Training a GPT is pretty standard for a nn (gradient descent w.r.t a loss function). Of course, you also need to use the standard bag of tricks when training a GPT (i.e. use the Adam optimizer, find the optimal learning rate, regularization via dropout and/or weight decay, use a learning rate scheduler, use the correct weight initialization, batching, etc …). Though the real challenge to training a good GPT model is the ability to scale the data and the model. For scaling data, you’ll want a corpus of text that is big, high quality, and diverse.

  • Big means billions of tokens (terabytes of data). For example, check out The Pile, which is an open source pre-training dataset for large language models.

  • High quality means you want to filter out duplicate examples, unformatted text, incoherent text, garbage text, etc …

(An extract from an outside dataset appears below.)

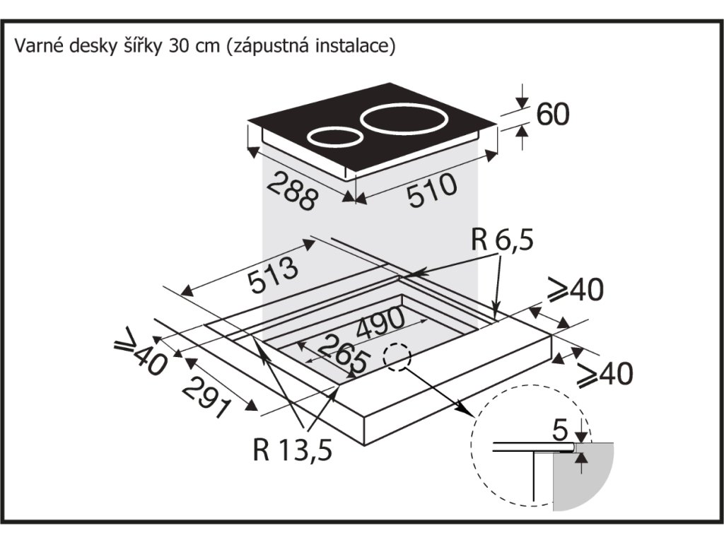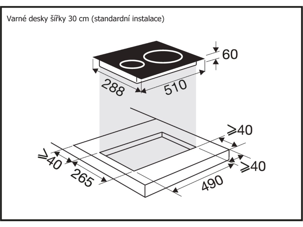 Možnost zapuštění varné desky do pracovní desky: | Ano |

  • Diverse means varying sequence lengths, about lots of different topics, from different sources, with differing perspectives, etc … Of course, if there are any biases in the data, it will reflect in the model, so you need to be careful of that as well.

Scaling the model to billions of parameters involves a cr*p ton of engineering (and money lol). Training frameworks can get absurdly long and complex. A good place to start would be Lillian Weng’s How to Train Really Large Models on Many GPUs. On the topic there’s also the NVIDIA’s Megatron Framework, Cohere’s Training Framework, Google’s PALM, the open source mesh-transformer-jax (used to train EleutherAI’s open source models), and many many more.

Evaluation#

Oh boy, how does one even evaluate LLMs? Honestly, it’s really hard problem. HELM is pretty comprehensive and a good place to start, but you should always be skeptical of benchmarks and evaluation metrics.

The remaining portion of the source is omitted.